Он удивлялся себя. Он стоял возле древних, вековых стен, он знал, что они не вечные, но еще будут стоять долго, а он исчезнет, ему осталось смотреть на них совсем мало, но его все-таки тревожило: что перевесит. Почему тревожило? Так, может… это и есть то, что осталось, сконденсировалось в нем, в других? Эта вот тревога, непонятная, уже, казалось, и ненужная, без которой он, оказывается, не может существовать, ходить. Так кто же тогда все те, кого он чувствует здесь, рядом?

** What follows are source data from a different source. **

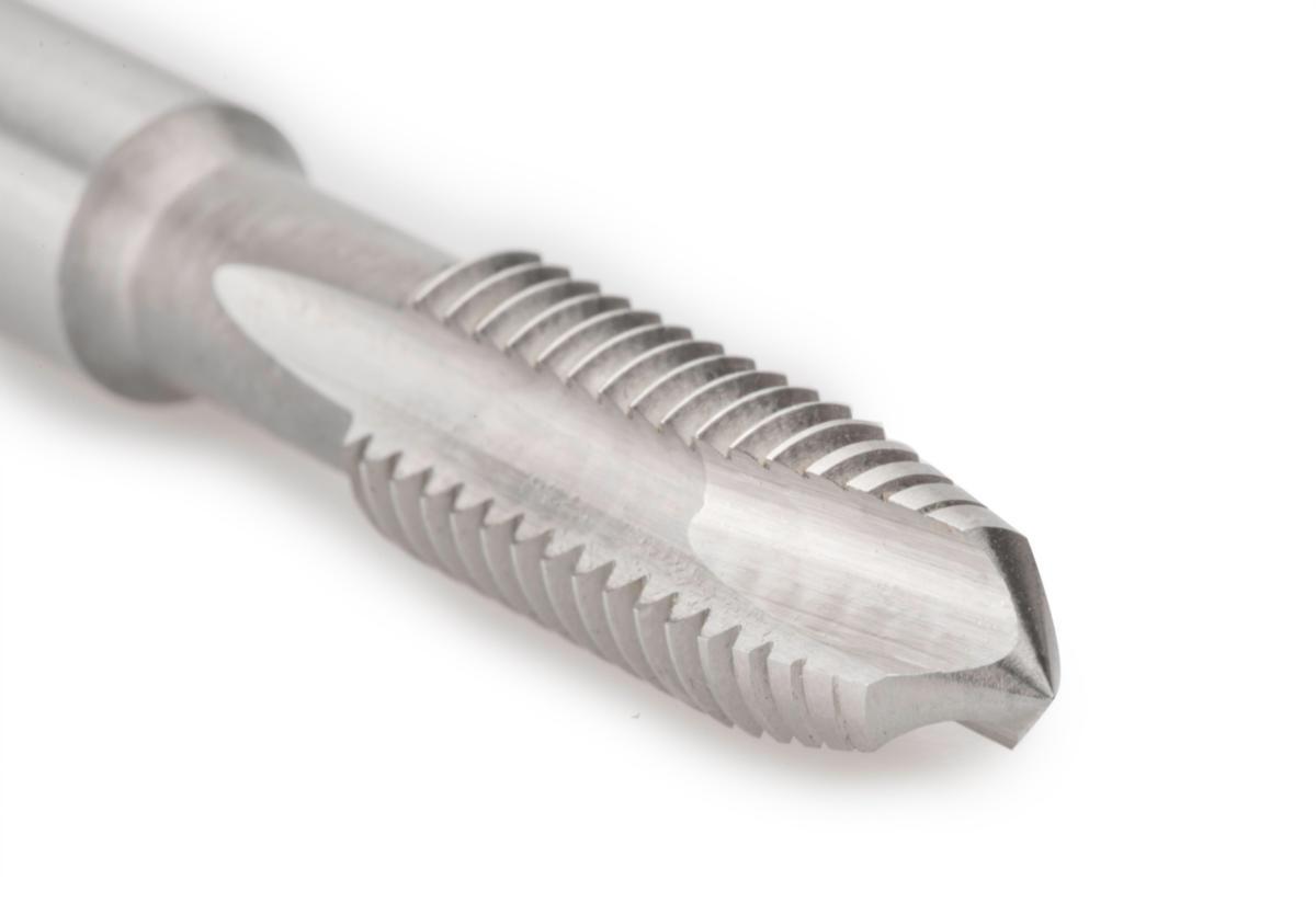 M-grovgjenget. Maskingjengetapp med spondrivende innsats for gjennomgående hull. Høyhastighets stål. ISO 529. Forsterket skaft. For gjenger i konstruksjonsstål, ulegert stål, aluminium-magnesium, kobber, bronse og messing.
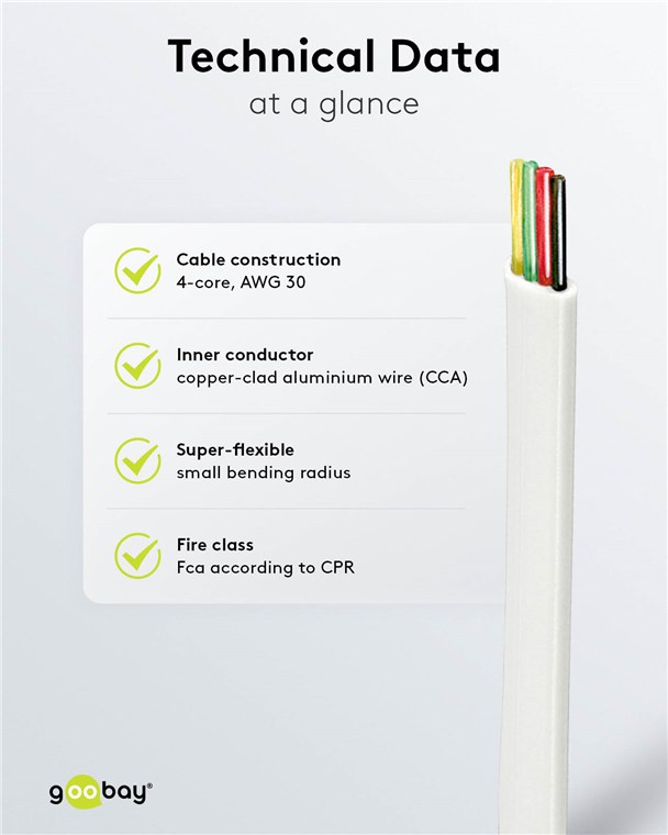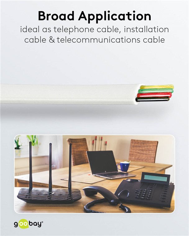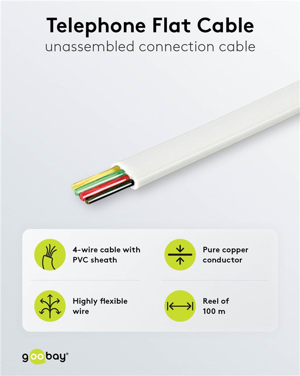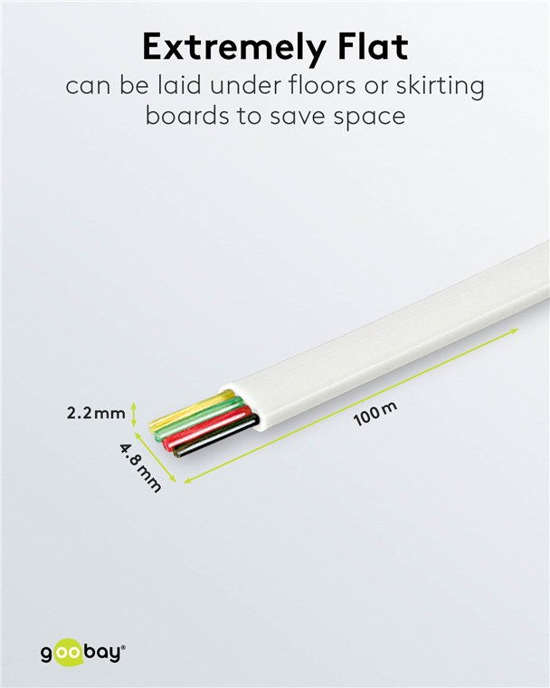 - Extremely flat phone cable with low bending radius and high flexibility
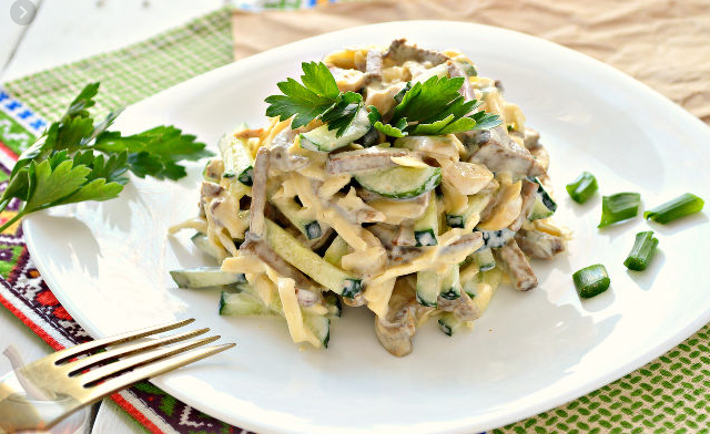 Из нежной куриной печени, маринованных огурцов и мягкого сыра можно приготовить легкий, пикантный, нарядный, простой и сытный салат, который прекрасно подойдет для любого праздничного стола.
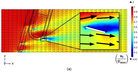 Normalized velocity contour plots at y = 0.1 m for an inlet velocity of 0.2 m/s when the rake is operational and (a) φr = −75°; (b) φr = 0°; the view of the rake has been magnified, and the arrows represent the velocity magnitude at the trailing points.
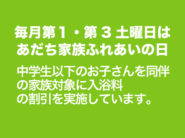 足立区の後援により、対象の方は特別入浴料でご利用いただけます♪
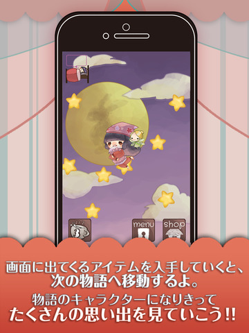 有一天,主角看着书睡着了,就这样进入了童话世界。游戏中的世界大多都是大家耳熟能详的童话,比如《彼得番》《灰姑娘》等等。玩家通过升级来进入不同的舞台以及收集图鉴。游戏中的热牛奶还能大量增加经验哦!
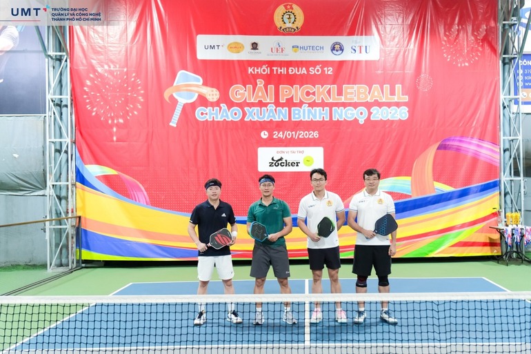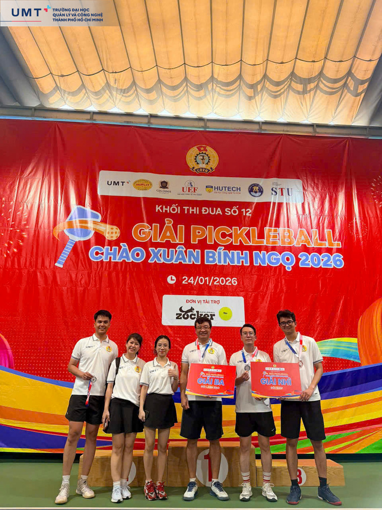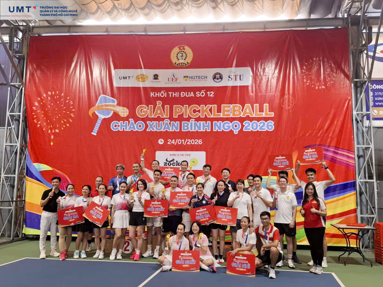 Công đoàn Cơ sở Trường Đại học Quản lý và Công nghệ TP.HCM (UMT) đã tích cực tham gia Giải Pickleball Chào Xuân Bính Ngọ 2026 - giải đấu giao lưu thể thao giữa 7 trường Đại học thuộc Khối thi đua số 12, diễn ra trong không khí sôi nổi, hào hứng chào Xuân mới.
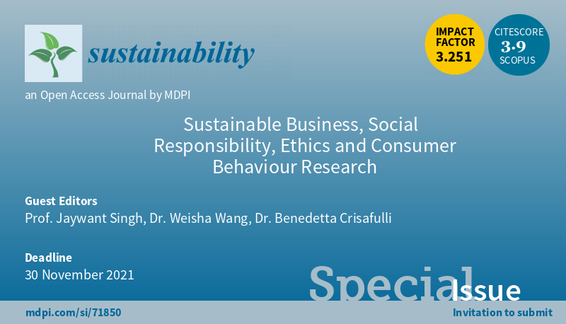 "Sustainable Business, Social Responsibility, Ethics and Consumer Behaviour Research" welcomes the submission
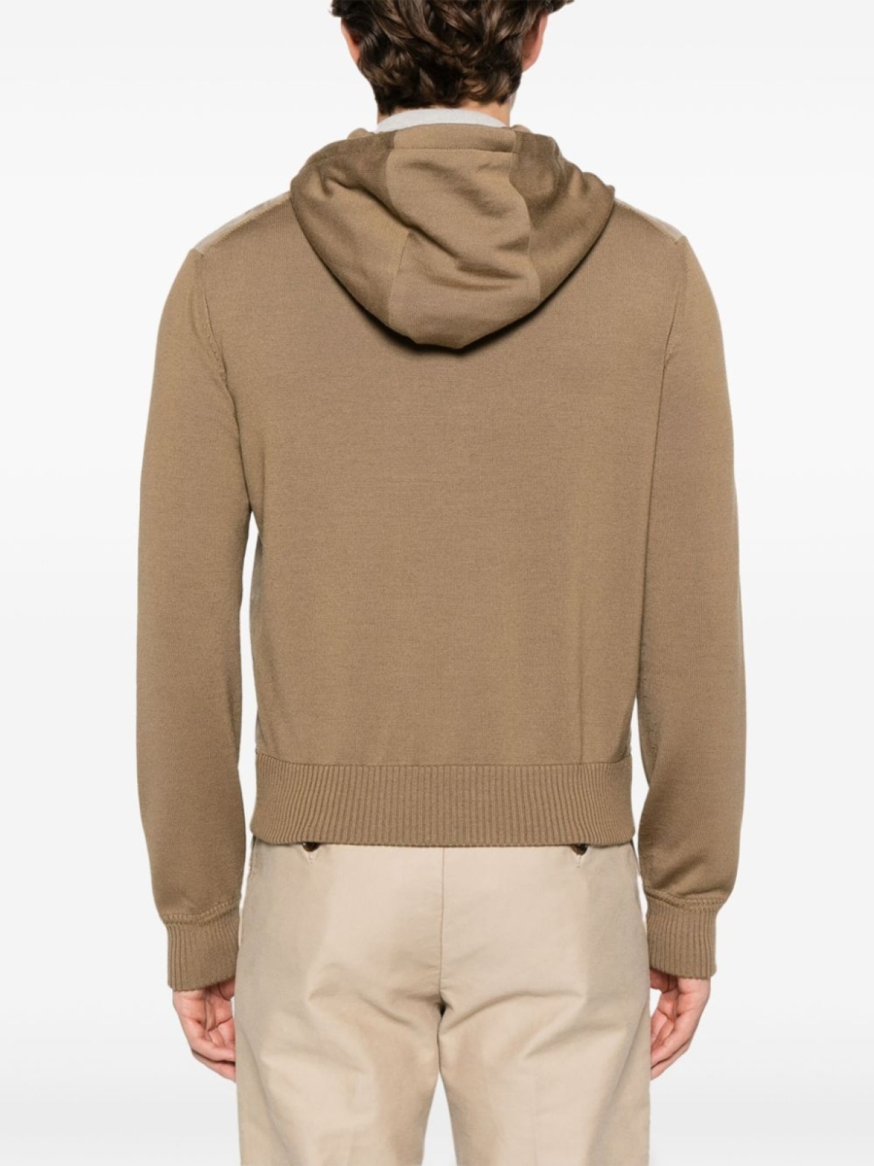 Светло-коричневый спереди застежка-молния капюшон на шнурке два передних застегивающихся на пуговицы прорезных кармана
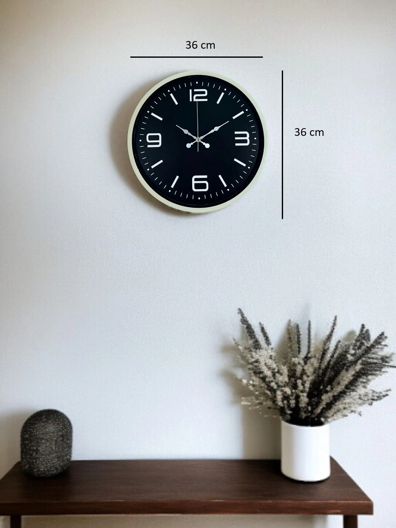 Krem renkli çerçevesi ve siyah zemin üzerindeki beyaz rakamlarıyla tasarlanan bu 36 cm duvar saati, yüksek kontrastlı kadranı sayesinde zamanı tek bakışta kolayca okumayı sağlar. Sade ve modern tasarımı, hem ev hem de ofis dekorasyonlarında uyumlu ve düzenli bir görünüm sunar. Minimal çizgileri sayesinde klasik ve çağdaş mekânlara rahatlıkla eşlik eder.
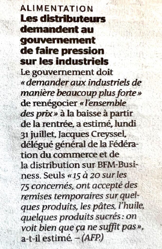 la GDO francese preme sul governo perchhè faccia calare i listini dell’industria: solo 15-20 su 75 aziende dell’IDM francese hanno accettato di fare delle promozioni. Le Monde 2 agosto 2023. Leggi questo articolo
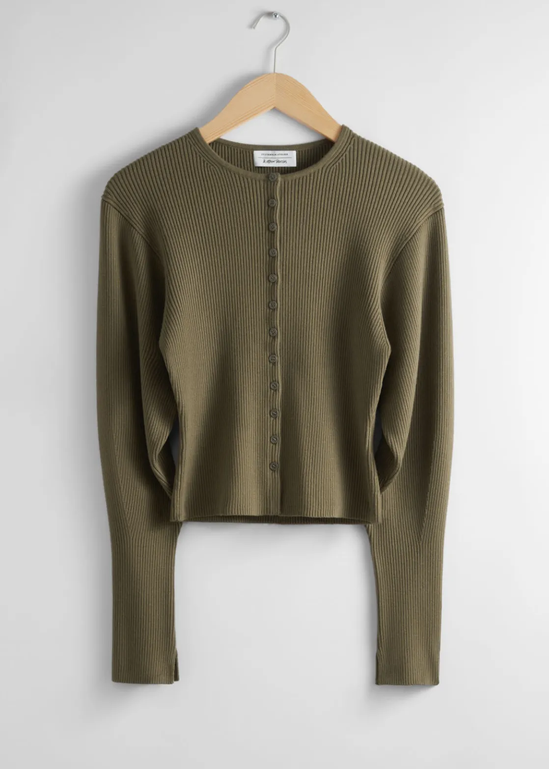 Ribbed knit cardigan featuring a fitted waistline and relaxed sleeves.
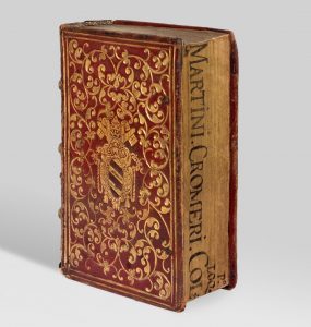 Elle présente toutefois un fer armorié que l'on retrouve sur d'autres reliures réalisées pour Pie V (cf. p. ex. Hobson, French and Italian collectors and their bindings, n°70).
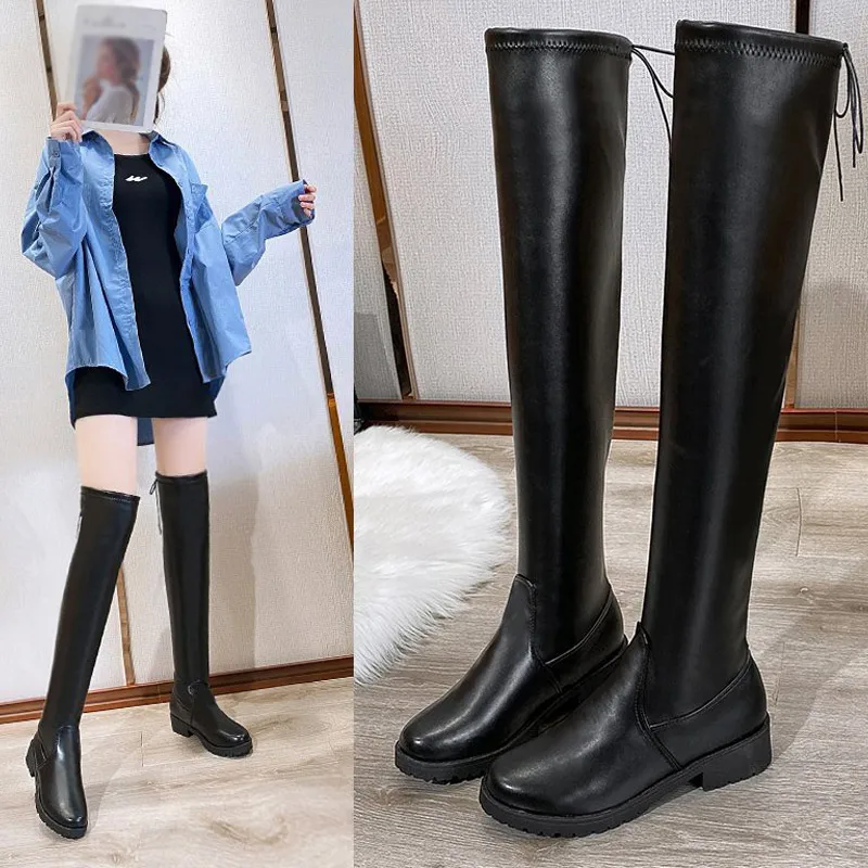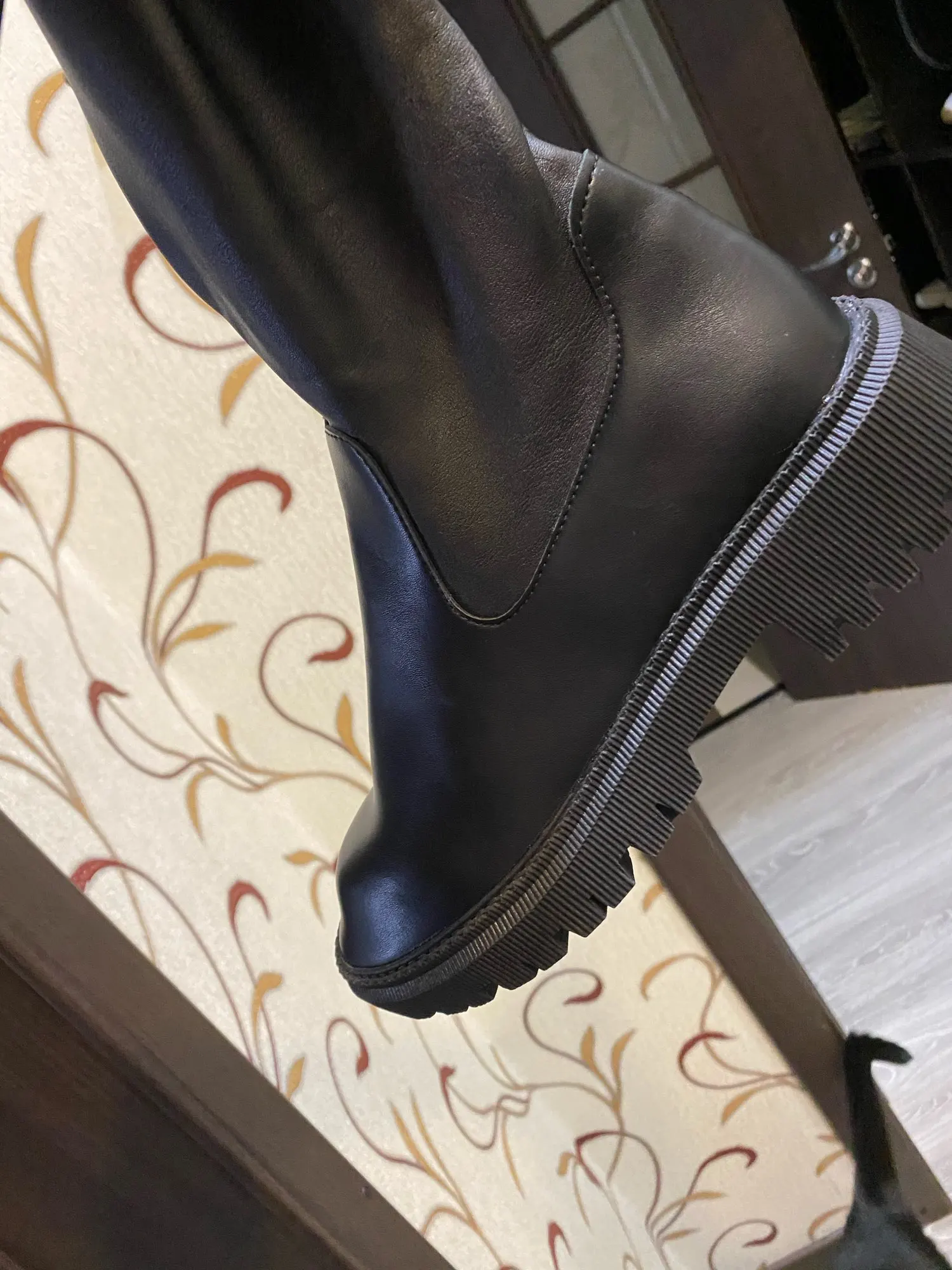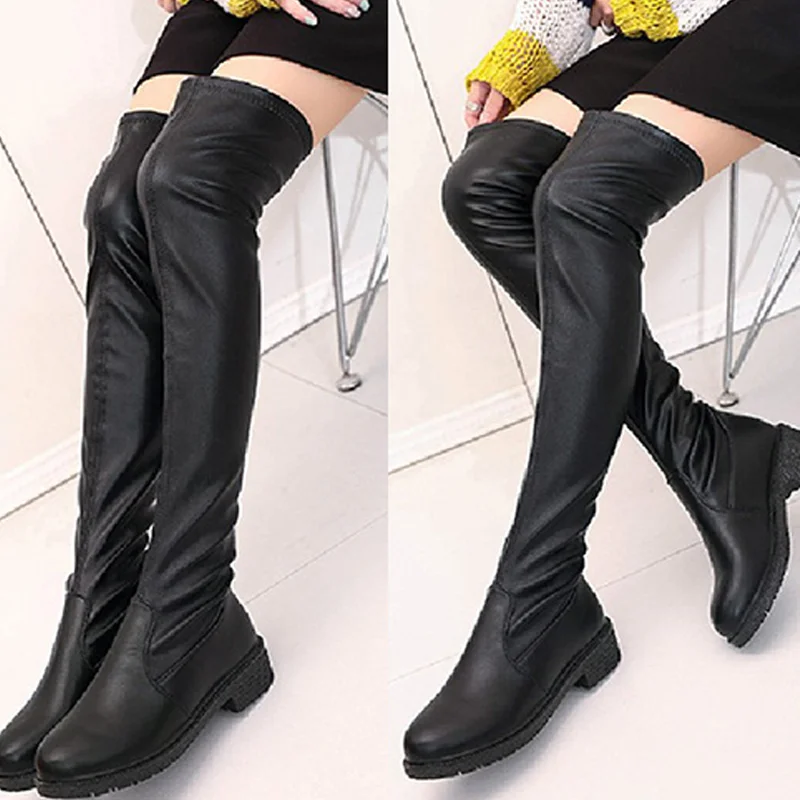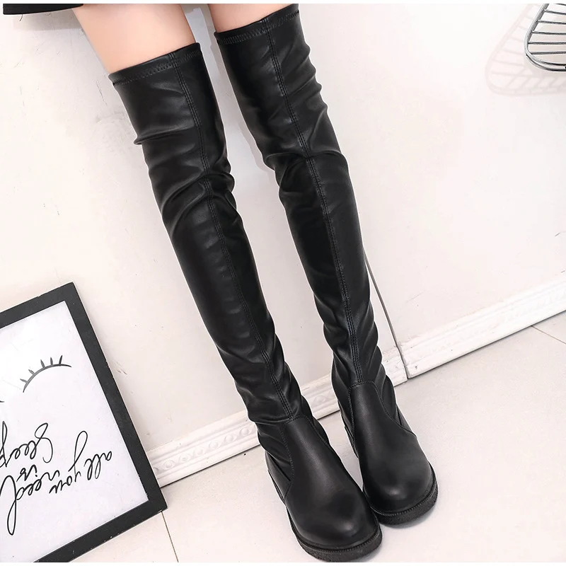 Женские сапоги выше колена, короткие плюшевые сапоги, женская обувь из искусственной кожи на среднем каблуке, нескользящая зимняя обувь, женские теплые длинные сапоги, Новинка

Чувствует всем своим нутром. Если он с ними — то он тоже ходил на штурм этого города… Накатывались племена завоевателей, вырезали аборигенов, поселялись тут, возводили свои храмы, медресе, гробницы, а другие завоеватели уничтожали прежних, тоже укоренялись, возводили новые постройки и ладили стены для обороны. Так с кем же он? Для чего он? Чтобы защищать стены или идти на штурм? Или он во всем гигантском цикле: от травинки, которая должна, непременно должна прорасти на мертвой тверди, а травинку съест заяц, а зайца орел или он сам? Правомерен ли такой цикл? Но он не зависит от людей, не зависит от него. Он чувствовал, что приблизился к великой тайне, которую разгадать невозможно. Потому что — если бы он разгадал… Нет, не разгадает. Ему, как и другим туристам, суждено покупать сувениры, трогать теплый тысячелетний камень, любоваться гробницами и таким образом приобщаться к вечности. И обманываться превосходством над нею, потому что тот, кто мановением пальца уничтожал миллионы, дотлевает в черном нефрите и не может полакомиться даже арбузным зернышком с шумного базара, а ты, в отличие от него, можешь перебрасывать из руки в руку арбузы и дыни, которые лежат навалом, смаковать виноград и пить терпкое местное вино. Ты над ним, ты его обогнал, но другие обгоняют тебя.